# Introduction

Today's class will introduce you to **optimization in R**.

## Today's Objective

Our goal for the day is to become familiar with convex optimization problems in R. We would like to achieve the following objectives:
1. Understand how a computer solves optimization problems.
2. Learn to program optimzation with a conditional break.
4. Learn about R's built in optimization methods.
5. Introduce non-convex optimization ideas (if time permits... although just barely even then).

If by the end of the class, you feel we haven't sufficiently covered one of these, speak up!

## A Working Example : Root Finding
Although this class is about optimization, we are mainly going to be talking about root finding. We will focus on **gradient-based optimization (GBO)**, which uses the fact that **a local extremum is found at a point where the gradient is zero**.

All GBO algorithms are built around this idea, that a local optimum has a zero first derivative. Because of this, gradient based optimization is really just **root finding**, or looking for the point where a function equals zero.

To get an idea of how a GBO algorithm works, consider minimizing the following function:
$$
g(x) = \frac{b}{4} (x - c)^4
$$
which we know takes a global minimum at $x = c$. But if you didn't know this, how would you propose to find a solution? 

To use a GBO algorithm, we first take the first derivative of a function and look for its root. That is, we try to find the solution to the adjoint problem
$$
g'(x) = b(x - c)^3 = 0
$$
This is a very old problem with many approaches. One is called [the Newton step](https://en.wikipedia.org/wiki/Newton%27s_method).

### Newton Step
Consider a problem where one would like to find the value of $x$ such that some function $f(x)$ equals zero.

![newton step](newton.gif)
Image source: http://tutorial.math.lamar.edu/Classes/CalcI/NewtonsMethod.aspx

We can use the tangent to move closer to the zero. Taking a taylor expansion or using the formula for the tangent line, we use the algorithm
$$
x_{n+1} = x_n - \frac{f(x_n)}{f'(x_{n})}
$$
This will be what we (as lowly economists) try to program, but we will also learn how to use the built in tools in R to solve this problem.


## Programming A Root Finding Function
Now what we'll do is program a Newton algorithm. To do so, we need to break the algorithm down into several components:
1. Evaluate the functions.
2. Evaluate the gradient.
3. Choose when to stop.

How do we choose when to stop? We can use either a `while` or a `for` loop with a conditional break. But what condition? Notice that as the algorithm gets closer to the solution, the steps will become smaller. So, we can allow the algorithm to step until the step size reaches some tolerance level.

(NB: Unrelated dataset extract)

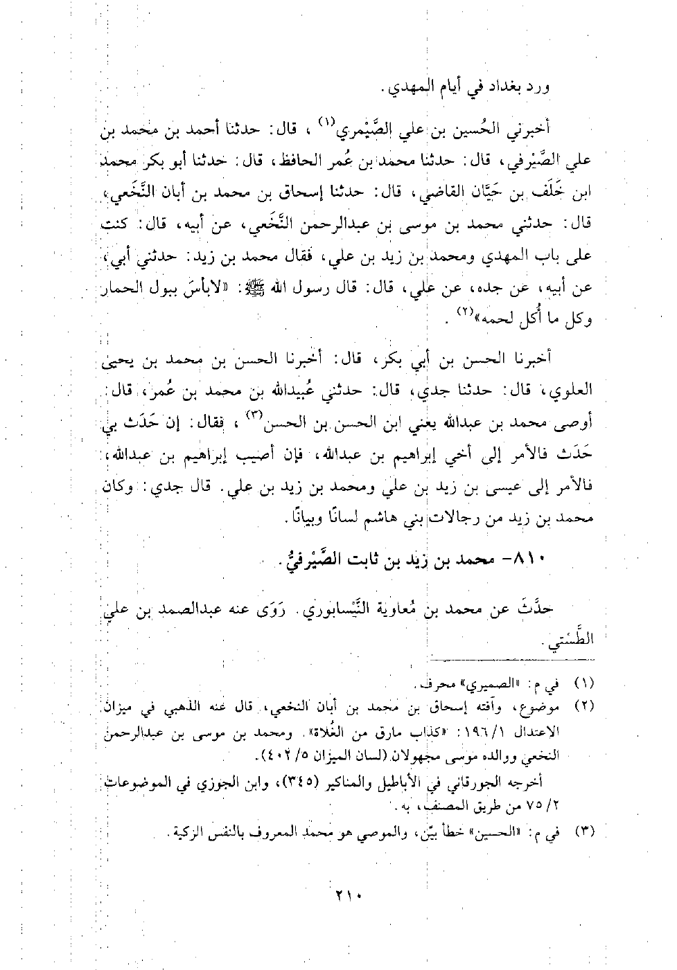 810 - محمد بن زيد بن ثابت الصيرفي حدث عن: محمد بن معاوية النيسابوري، روى عنه: عبد الصمد بن علي الطستي.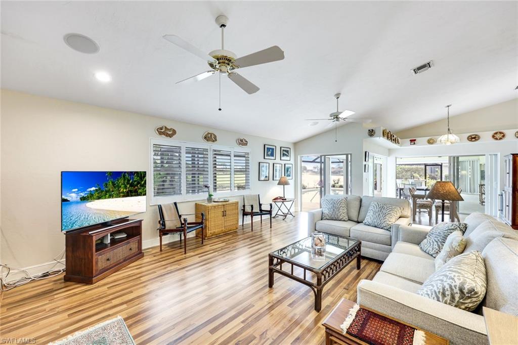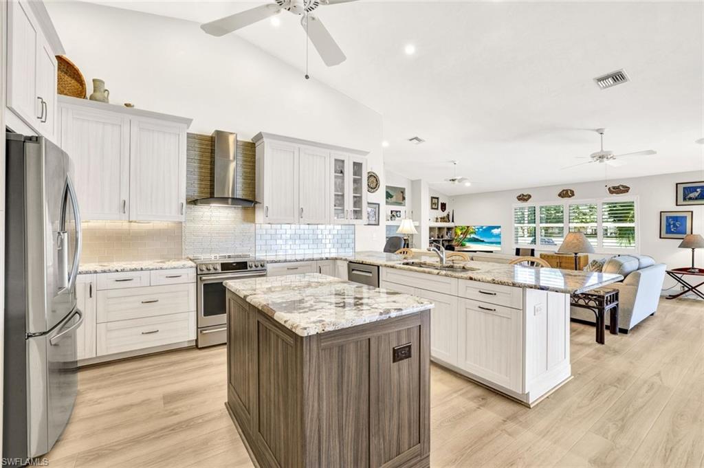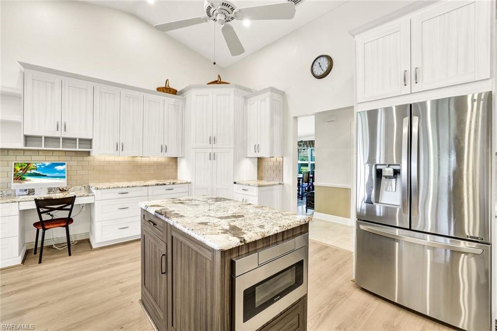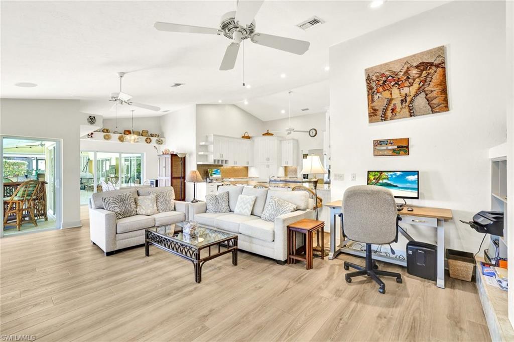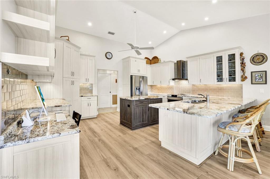 LOOK NO FURTHER…GORGEOUS 4BR/3BA POOL home, located in Spanish Wells Golf & Country Club is sure to impress! Adorned by lush landscaping and MINUTES to the Gulf, situated on an oversized lot with lake AND golf course views...THIS is what SWFL living is about! Home boasts a 500 gallon propane tank AND whole house generator (2024), newer AC units (2024 & 2022), newer tile roof (2021), TWO newer hot water heaters (2021), newer lanai screens including panoramic screen (2018), vaulted ceilings, stunning pool with HUGE lanai for entertaining, hurricane impact windows and doors, electric hurricane shutters on lanai and front entry AND SO MUCH MORE!!! Spend warm, leisurely days floating in your private pool while admiring the views. Relax by the wood-burning fireplace on those cool winter nights. Prepare your favorite meals while enjoying serene lake views in your COMPLETELY REMODELED kitchen with BRAND NEW luxury vinyl plank flooring. In the evenings, retire to your primary retreat, also overlooking the pool. Upgraded primary bathroom offers PLENTY of room for two. Additional guest bedrooms are privately tucked away from the main living areas. Home includes a 4th bedroom off the primary suite, currently being utilized as a den. Additional highlights include a two-car garage with fresh epoxy flooring plus a separate golf cart garage with private entry. THIS is the PERFECT home in the PERFECT location – MINUTES to Bonita Beach AND Downtown Bonita Springs. The burgeoning Downtown Bonita Springs boasts eclectic restaurants, coffee/wine bars, craft cocktail bars, craft breweries and a new music venue. The arts are alive in Bonita, with plenty of festivals, artist cottages, music in the downtown amphitheater - all just a short bike ride from this home. PLUS, just a short drive to 5th Avenue in Downtown Naples, RSW International Airport, shopping, grocery AND MORE. For an additional fee, you can purchase a social or golf membership to Spanish Wells Country Club. DO NOT miss YOUR opportunity to experience all that Bonita Springs has to offer, not only in a community, but especially in a home.

It may be easiest to simply show you the code and discuss it afterwards.

First, we need our function and its derivative:

In [63]:
f <- function(x, param){
    return(param[1]*(x - param[2])^3);
}

f_prime <- function(x, param){
    return(3*param[1]*(x - param[2])^2);
}

Next we define our root finding function:

In [65]:
newton <- function(x_0, f, f_prime, param, tol, max_its){
    # Initialize a norm for loop break
    norm <- 0.0;
    
    # Initialize a next step iterate
    x_1 <- 0.0;
    
    # Loop up until max iterations
    for(i in 1:max_its){
        # Calculate the newton iterate
        x_1 <- x_0 - f(x_0, param)/f_prime(x_0, param);
        
        # Calculate length of step
        norm <- abs(x_1 - x_0);

        # Print to screen current step
        print(sprintf("Step : %d: with norm : %s .", i, norm))
        
        # Test for convergence
        if(norm < tol){
            print("Break at tolerance reached.")
            break
        }

        # Test for max iterations
        if(i == max_its){
            print(sprintf("Maximum iterations reached with norm : %s .", norm))
            break;
        }
        
        # Advance the iterate
        x_0 <- x_1;
    }
    
    # Return the results
    return(c(x_0, norm));
}

In [73]:
tol <- 1e-1;
param <- c(1, 0);
max_its <- 100;
x_0 <- 10.0;

newton(x_0, f, f_prime, param, tol, max_its)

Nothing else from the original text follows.